Implmeneting Score-Based Generative Model#

Encoding the time information#

We can incorporate the time information via Gaussian random features. Specifically, we first sample \(\omega \sim \mathcal{N}(\mathbf{0}, s^2\mathbf{I})\) which is subsequently fixed for the model (i.e., not learnable). For a time step \(t\), the corresponding Gaussian random feature is defined as

\[ \begin{align} [\sin(2\pi \omega t) ; \cos(2\pi \omega t)], \end{align} \]

where \([\vec{a} ; \vec{b}]\) denotes the concatenation of vector \(\vec{a}\) and \(\vec{b}\). This Gaussian random feature can be used as an encoding for time step \(t\) so that the score network can condition on \(t\) by incorporating this encoding. We will see this further in the code.

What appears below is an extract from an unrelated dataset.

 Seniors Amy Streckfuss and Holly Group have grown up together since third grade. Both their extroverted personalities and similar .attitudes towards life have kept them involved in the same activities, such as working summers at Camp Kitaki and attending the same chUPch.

class GaussianFourierProjection(nn.Module):
  """Gaussian random features for encoding time steps."""
  # [\sin(2\pi \omega t) ; \cos(2\pi \omega t)]
  def __init__(self, embed_dim, scale=30.):
    super().__init__()
    # Randomly sample weights during initialization. These weights are fixed
    # during optimization and are not trainable.
    self.W = nn.Parameter(torch.randn(embed_dim // 2) * scale, requires_grad=False)
  def forward(self, x):
    x_proj = x[:, None] * self.W[None, :] * 2 * np.pi
    return torch.cat([torch.sin(x_proj), torch.cos(x_proj)], dim=-1)

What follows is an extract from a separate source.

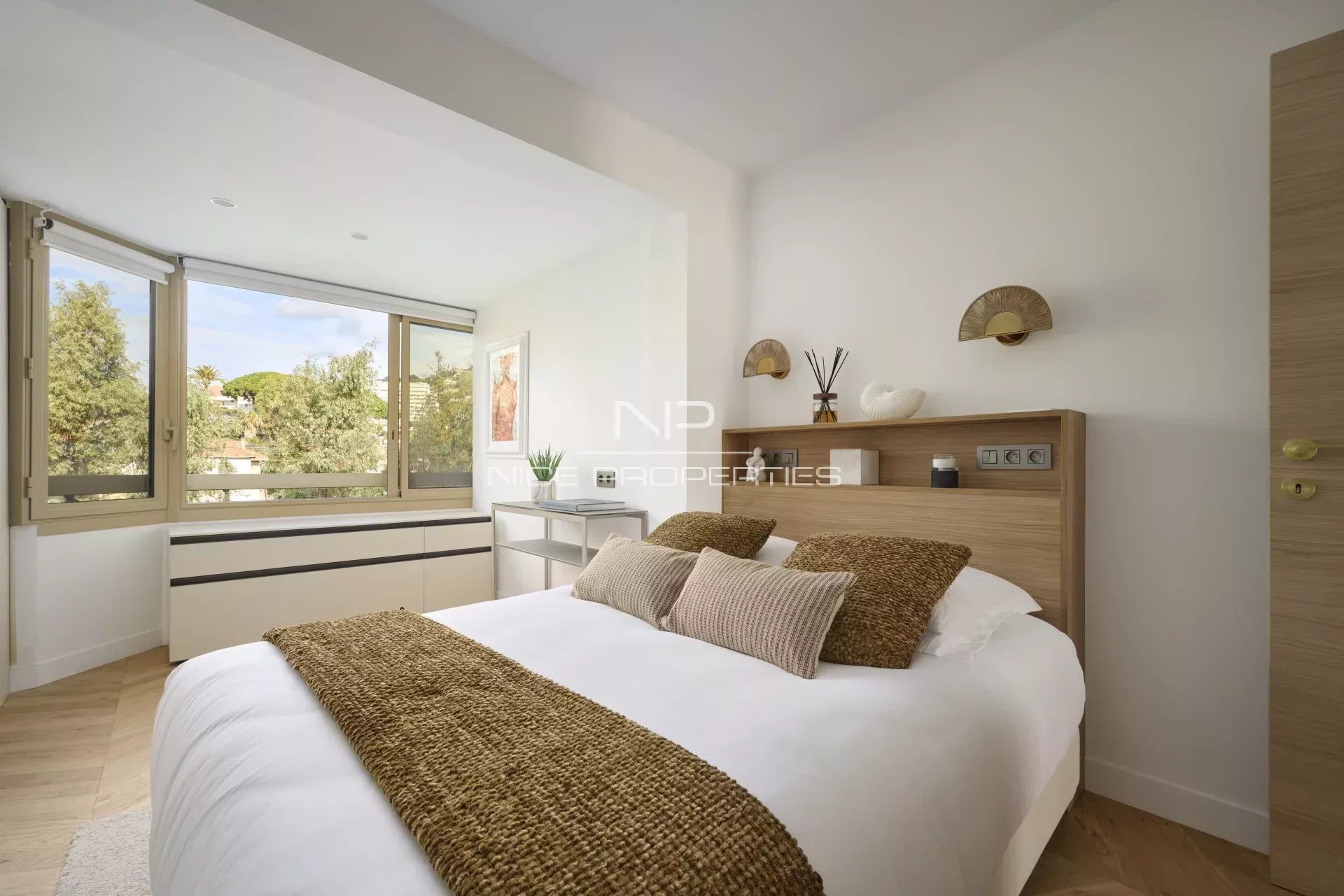 CANNES / PALM BEACH: Moderno e spazioso appartamento di 4 locali con 100 m2 di superficie abitabile, situato in un residence con piscina nel cuore del ricercato quartiere di Palm Beach. L'appartamento è composto da un ampio soggiorno, una cucina completamente attrezzata e tre camere da letto con bagno privato, ognuna con il proprio bagno. Sarete deliziati dalla splendida terrazza di 21 m2, che offre una vista ininterrotta sul mare. L'appartamento è dotato di una cantina e di un posto auto. È disponibile anche un secondo posto auto.

Define the Score-Based Model#

class ScoreNet(nn.Module):

  def __init__(self, marginal_prob_std, input_dim=2, hidden_dim=512, output_dim=2, embed_dim=256):
    super().__init__()
    # Gaussian random feature embedding layer for time
    self.embed = nn.Sequential(GaussianFourierProjection(embed_dim=embed_dim),
      nn.Linear(embed_dim, embed_dim),
      nn.GELU()
    )
      
    self.linear_model1 = nn.Sequential(
      nn.Linear(input_dim, embed_dim),
      nn.Dropout(0.2),
      nn.GELU()
    )

    self.linear_model2 = nn.Sequential(
      nn.Linear(embed_dim, hidden_dim),
      nn.Dropout(0.2),
      nn.GELU(),
      
      nn.Linear(hidden_dim, hidden_dim),
      nn.Dropout(0.2),
      nn.GELU(),
      
      nn.Linear(hidden_dim, input_dim),
    )

    self.marginal_prob_std = marginal_prob_std

  def forward(self, x, t):
    h = self.linear_model2(self.linear_model1(x) + self.embed(t))/ self.marginal_prob_std(t)[:, None]
    return h

Training with Weighted Sum of Denoising Score Matching Objectives#

As discussed in the previous section we want to train our score-based model on a denoising score matching objective. Hence, to train our model, we need to specify an SDE that perturbs the data distribution \(p_0\) to a prior distribution \(p_T\). We choose the following SDE

\[ \begin{align} d {x} = \sigma^t d{w}, \quad t\in[0,1] \end{align} \]

Note that in this SDE our drift term is zero and our diffusion term is based on the Wiener process \(d{w}\).

In this case,

\[ \begin{align} p_{0t}({x}(t) \mid {x}(0)) = \mathcal{N}\bigg({x}(t); {x}(0), \frac{1}{2\log \sigma}(\sigma^{2t} - 1) {I}\bigg) \end{align} \]

and we can choose the weighting function \(\lambda(t) = \frac{1}{2 \log \sigma}(\sigma^{2t} - 1)\).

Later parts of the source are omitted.